_Records for this exercise_
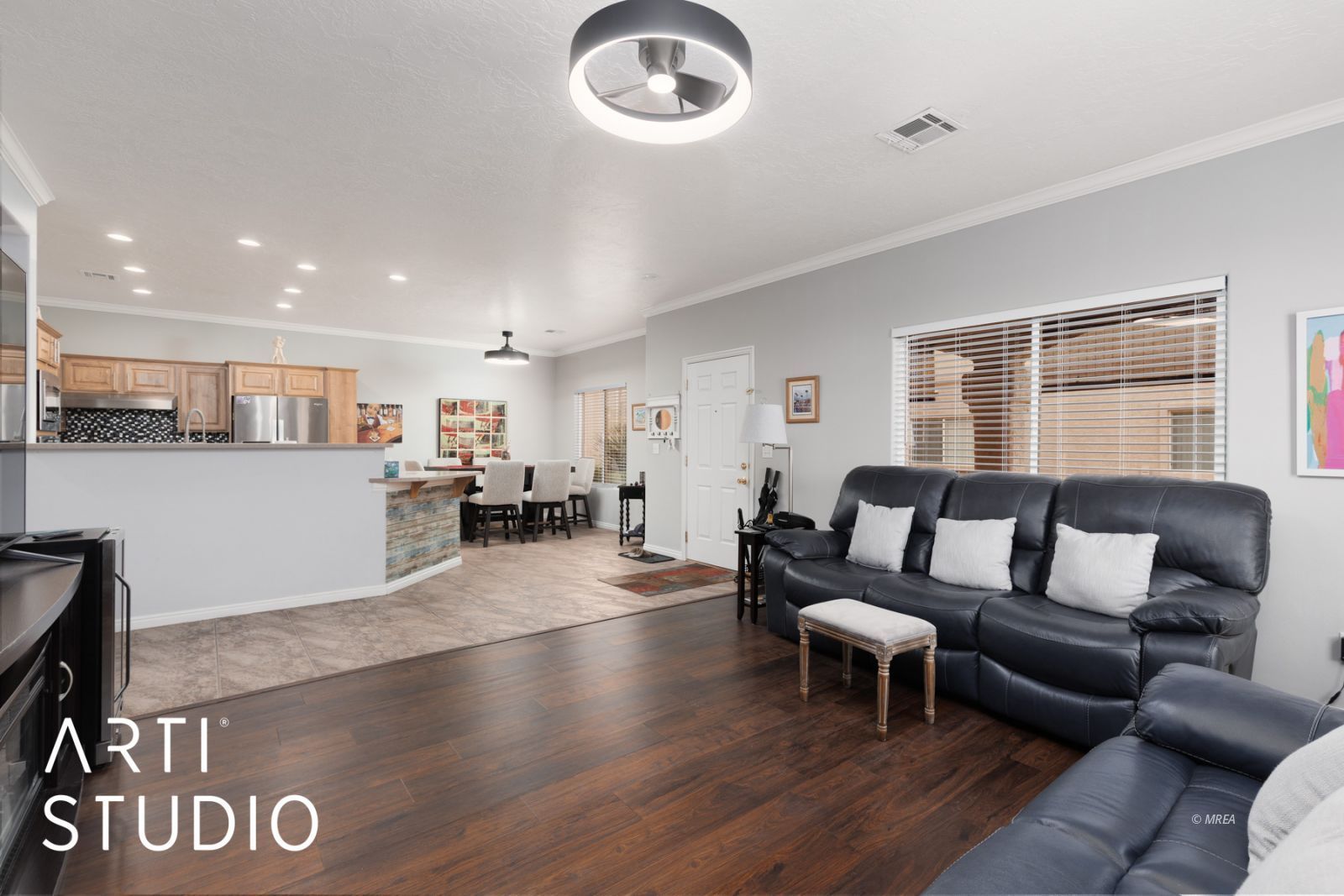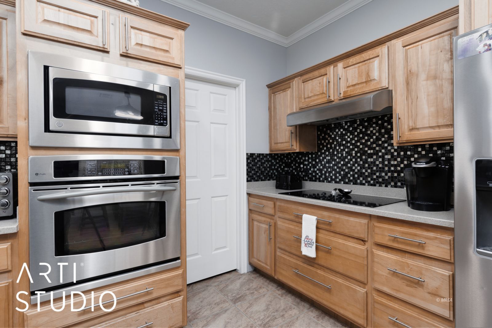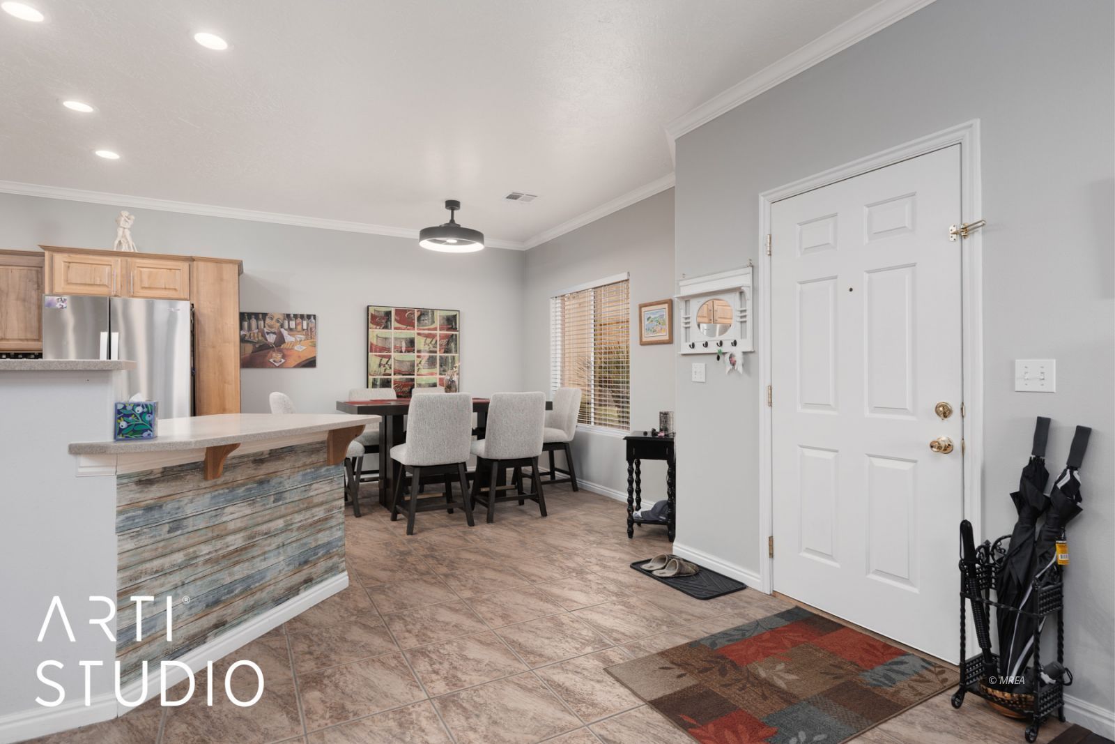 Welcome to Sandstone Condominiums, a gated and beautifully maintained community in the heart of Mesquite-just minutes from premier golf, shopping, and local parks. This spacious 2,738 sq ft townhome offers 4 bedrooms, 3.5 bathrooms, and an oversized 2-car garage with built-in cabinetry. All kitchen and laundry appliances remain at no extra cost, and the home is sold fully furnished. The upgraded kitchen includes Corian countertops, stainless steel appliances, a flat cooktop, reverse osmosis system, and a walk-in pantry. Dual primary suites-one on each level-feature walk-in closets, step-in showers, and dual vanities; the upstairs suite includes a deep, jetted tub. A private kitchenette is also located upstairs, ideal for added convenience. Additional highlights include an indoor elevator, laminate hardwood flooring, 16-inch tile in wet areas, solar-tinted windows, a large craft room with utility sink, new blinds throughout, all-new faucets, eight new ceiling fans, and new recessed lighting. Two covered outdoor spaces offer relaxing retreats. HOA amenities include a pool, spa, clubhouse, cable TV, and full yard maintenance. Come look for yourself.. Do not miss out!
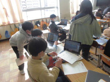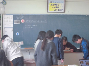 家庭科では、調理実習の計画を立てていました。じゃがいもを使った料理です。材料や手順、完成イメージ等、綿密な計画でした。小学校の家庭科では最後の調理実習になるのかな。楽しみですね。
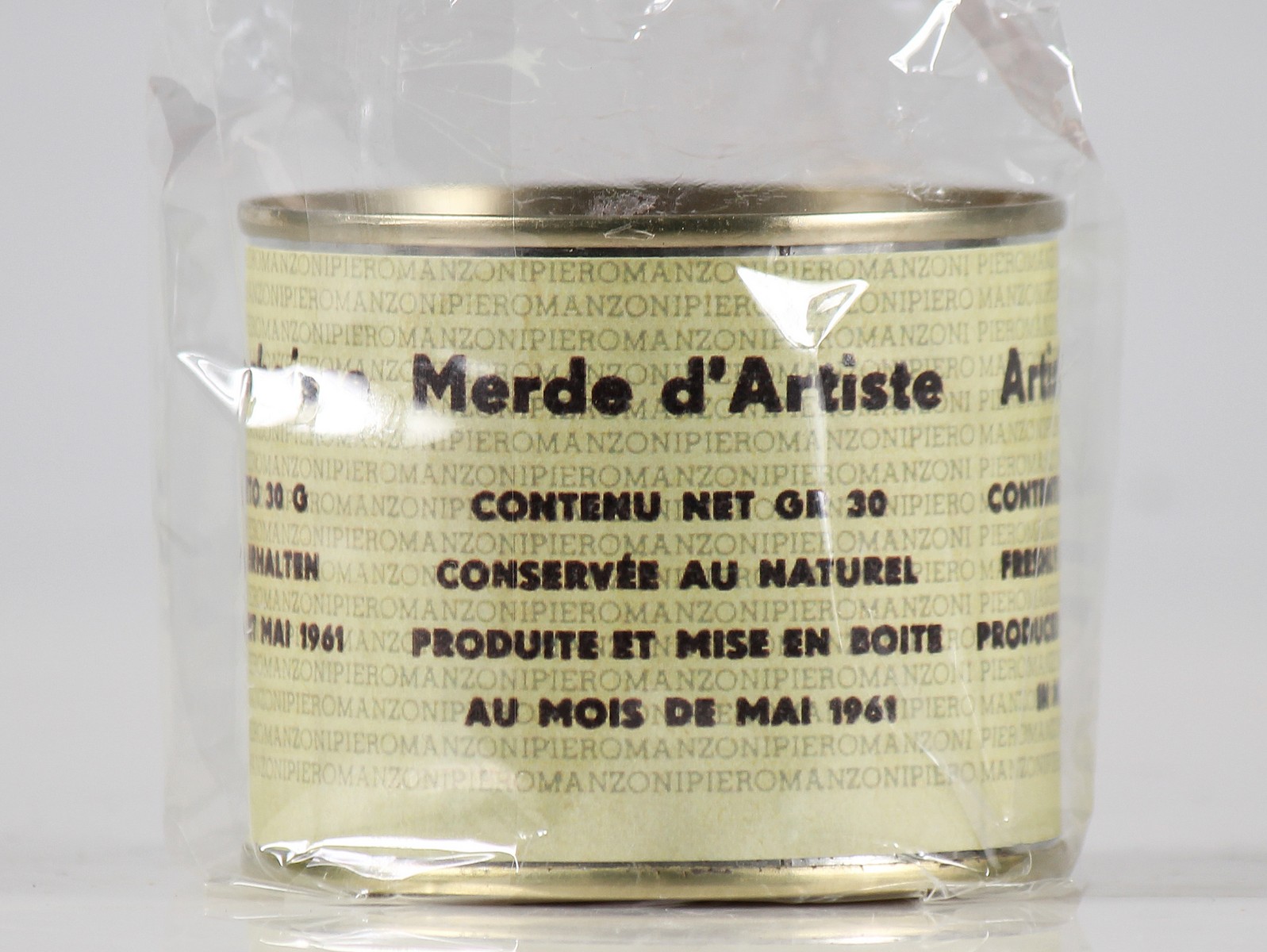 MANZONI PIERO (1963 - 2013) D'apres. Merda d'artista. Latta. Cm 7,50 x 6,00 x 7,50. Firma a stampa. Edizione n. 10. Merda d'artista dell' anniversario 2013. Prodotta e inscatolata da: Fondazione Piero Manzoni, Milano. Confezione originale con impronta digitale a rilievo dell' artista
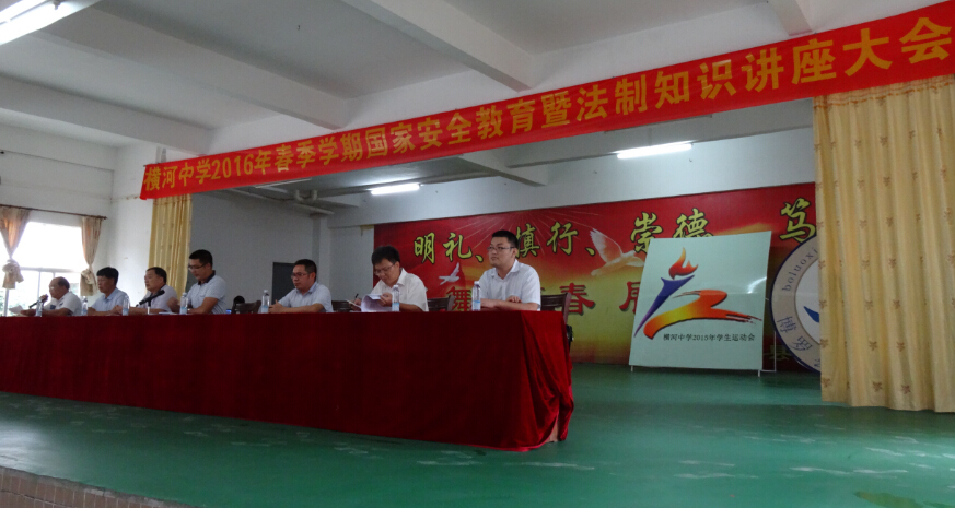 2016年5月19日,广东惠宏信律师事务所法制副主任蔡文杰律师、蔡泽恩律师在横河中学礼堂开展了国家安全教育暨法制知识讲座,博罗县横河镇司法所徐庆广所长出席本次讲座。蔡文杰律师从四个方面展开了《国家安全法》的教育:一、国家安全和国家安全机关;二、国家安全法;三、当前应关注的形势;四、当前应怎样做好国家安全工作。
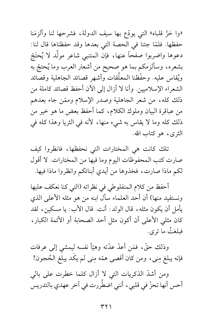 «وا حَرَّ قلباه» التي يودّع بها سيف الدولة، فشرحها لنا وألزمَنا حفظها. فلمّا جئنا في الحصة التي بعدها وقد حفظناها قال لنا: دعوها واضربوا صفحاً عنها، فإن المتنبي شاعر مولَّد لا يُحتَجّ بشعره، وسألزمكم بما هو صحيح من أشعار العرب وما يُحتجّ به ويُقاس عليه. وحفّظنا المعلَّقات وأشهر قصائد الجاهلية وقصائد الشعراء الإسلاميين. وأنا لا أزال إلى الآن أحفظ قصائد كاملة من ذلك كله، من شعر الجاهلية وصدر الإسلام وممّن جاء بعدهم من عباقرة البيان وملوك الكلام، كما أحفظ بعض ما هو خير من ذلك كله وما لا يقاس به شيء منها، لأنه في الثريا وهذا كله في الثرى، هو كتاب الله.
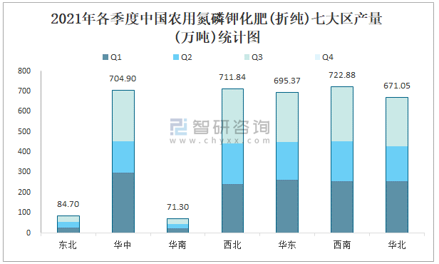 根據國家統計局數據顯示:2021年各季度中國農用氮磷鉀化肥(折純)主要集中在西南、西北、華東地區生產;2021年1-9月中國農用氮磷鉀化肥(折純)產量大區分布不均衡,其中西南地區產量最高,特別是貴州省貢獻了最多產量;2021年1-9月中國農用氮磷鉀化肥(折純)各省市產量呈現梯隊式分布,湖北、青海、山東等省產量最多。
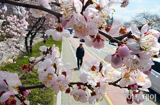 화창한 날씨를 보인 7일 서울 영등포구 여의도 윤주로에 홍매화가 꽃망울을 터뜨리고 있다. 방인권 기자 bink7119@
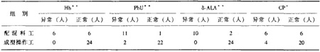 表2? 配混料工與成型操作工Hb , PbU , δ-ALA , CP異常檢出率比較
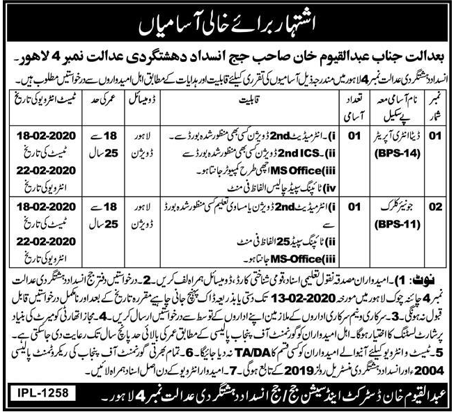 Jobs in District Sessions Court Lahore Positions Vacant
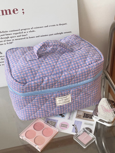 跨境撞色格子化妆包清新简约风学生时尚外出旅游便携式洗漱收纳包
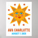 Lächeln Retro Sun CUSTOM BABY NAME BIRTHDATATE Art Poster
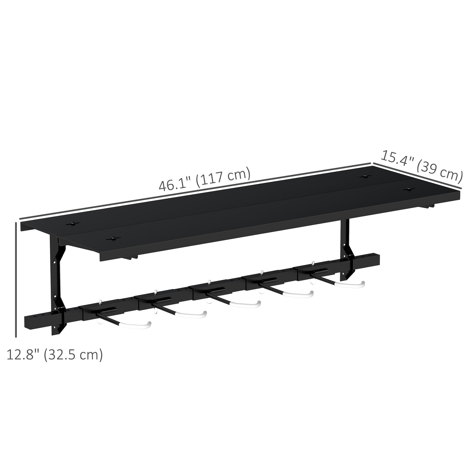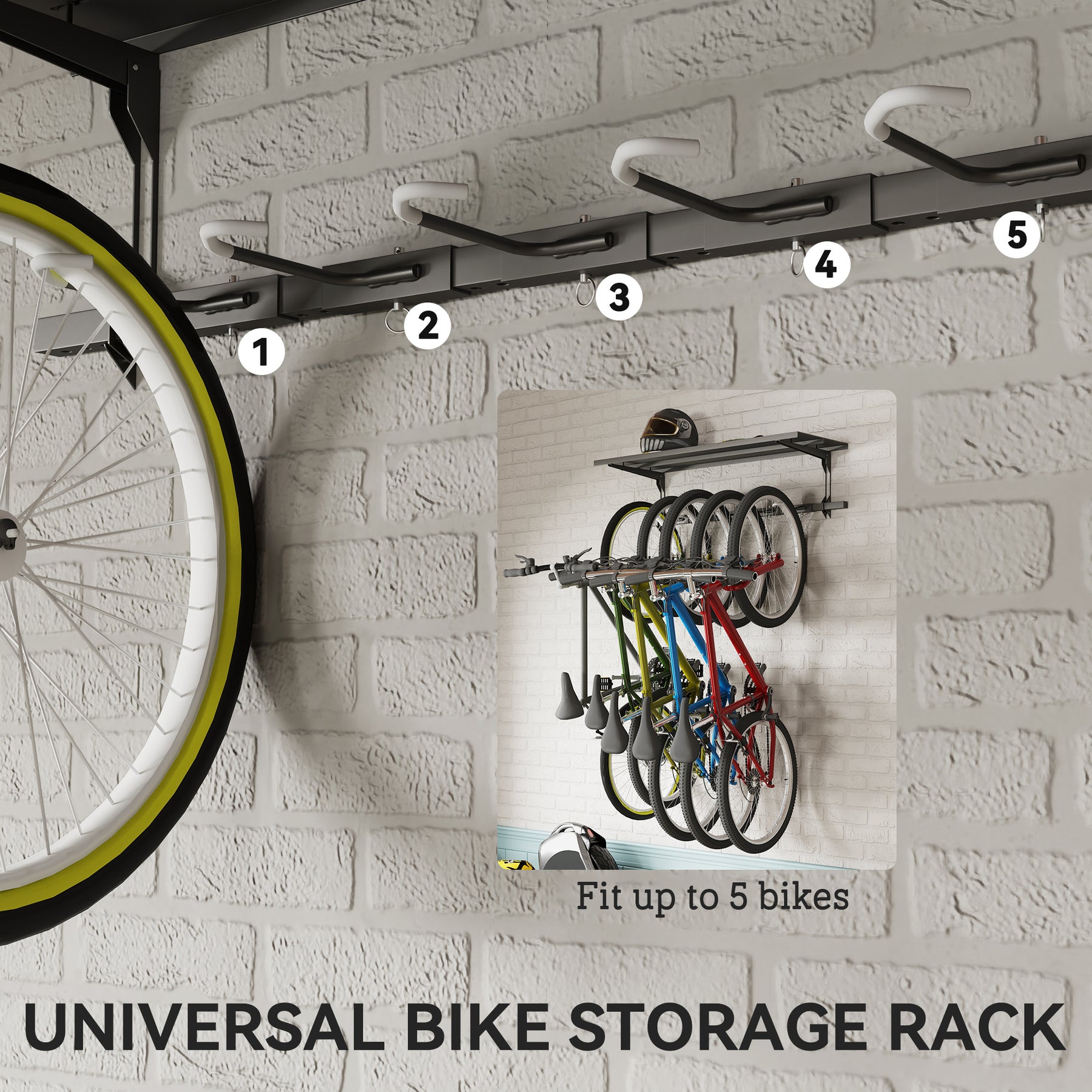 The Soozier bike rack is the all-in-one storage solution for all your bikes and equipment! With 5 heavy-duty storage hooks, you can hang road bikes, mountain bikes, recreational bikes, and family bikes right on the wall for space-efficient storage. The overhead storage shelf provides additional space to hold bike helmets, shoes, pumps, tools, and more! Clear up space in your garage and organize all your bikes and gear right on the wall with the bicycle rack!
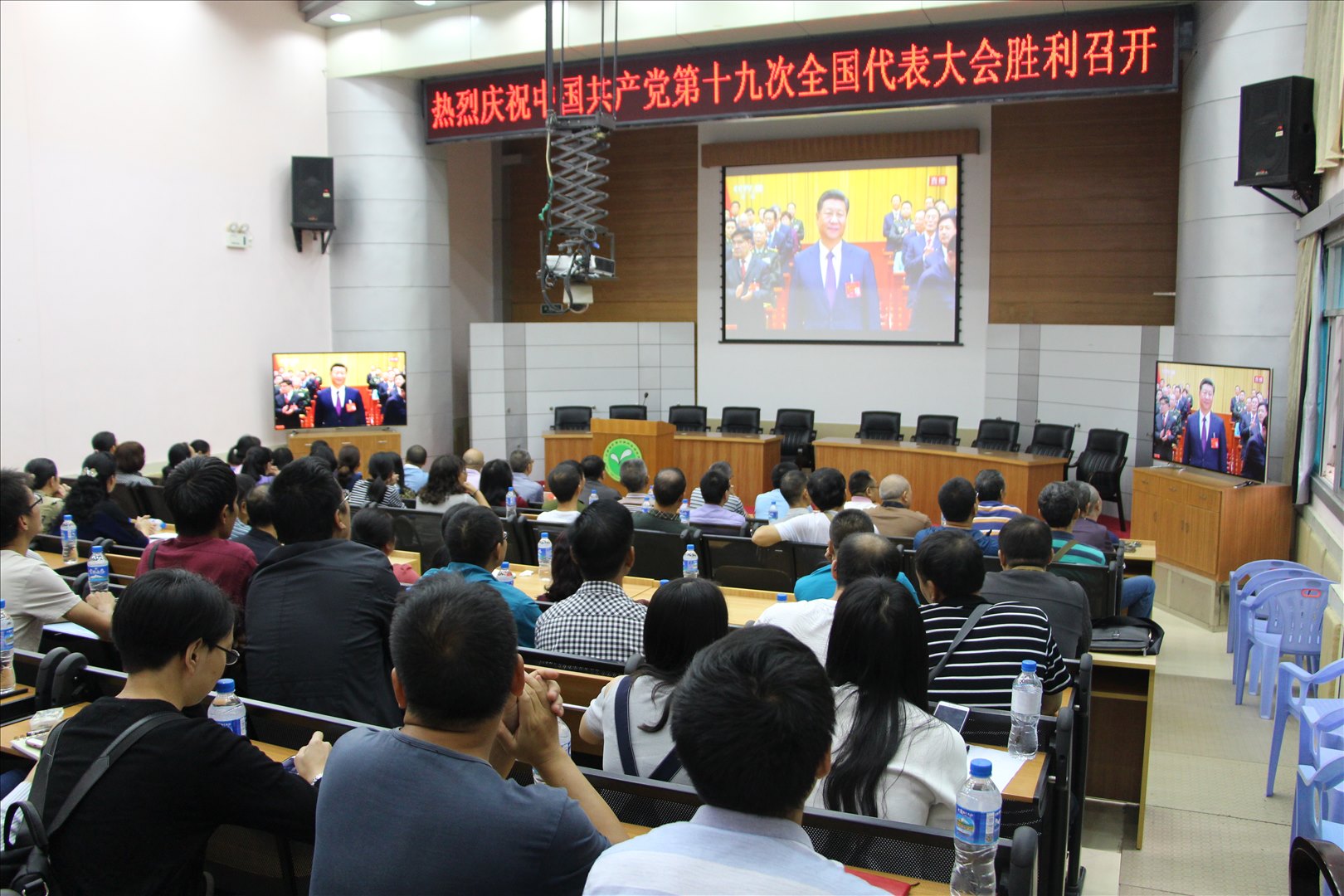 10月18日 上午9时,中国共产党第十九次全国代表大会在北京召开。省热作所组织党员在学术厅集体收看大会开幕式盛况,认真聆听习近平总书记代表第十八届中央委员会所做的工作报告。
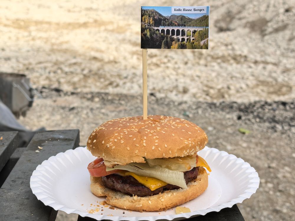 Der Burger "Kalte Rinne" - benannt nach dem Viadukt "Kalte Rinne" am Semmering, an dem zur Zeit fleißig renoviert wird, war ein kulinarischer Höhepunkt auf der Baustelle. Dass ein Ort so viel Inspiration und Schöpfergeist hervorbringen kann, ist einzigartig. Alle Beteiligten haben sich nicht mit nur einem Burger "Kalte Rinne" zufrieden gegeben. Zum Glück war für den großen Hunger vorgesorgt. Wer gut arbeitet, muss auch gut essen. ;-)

_Task details_
All that is wanted is the lines above between the one containing "화창한 날씨를 보인 7일" and the one containing "10月18日 上午9时,中国", inclusive, restated word for word, with pictures omitted.

_Exercise response_
 화창한 날씨를 보인 7일 서울 영등포구 여의도 윤주로에 홍매화가 꽃망울을 터뜨리고 있다. 방인권 기자 bink7119@
 表2? 配混料工與成型操作工Hb , PbU , δ-ALA , CP異常檢出率比較
 Jobs in District Sessions Court Lahore Positions Vacant
 跨境撞色格子化妆包清新简约风学生时尚外出旅游便携式洗漱收纳包
 Lächeln Retro Sun CUSTOM BABY NAME BIRTHDATATE Art Poster
 The Soozier bike rack is the all-in-one storage solution for all your bikes and equipment! With 5 heavy-duty storage hooks, you can hang road bikes, mountain bikes, recreational bikes, and family bikes right on the wall for space-efficient storage. The overhead storage shelf provides additional space to hold bike helmets, shoes, pumps, tools, and more! Clear up space in your garage and organize all your bikes and gear right on the wall with the bicycle rack!
 10月18日 上午9时,中国共产党第十九次全国代表大会在北京召开。省热作所组织党员在学术厅集体收看大会开幕式盛况,认真聆听习近平总书记代表第十八届中央委员会所做的工作报告。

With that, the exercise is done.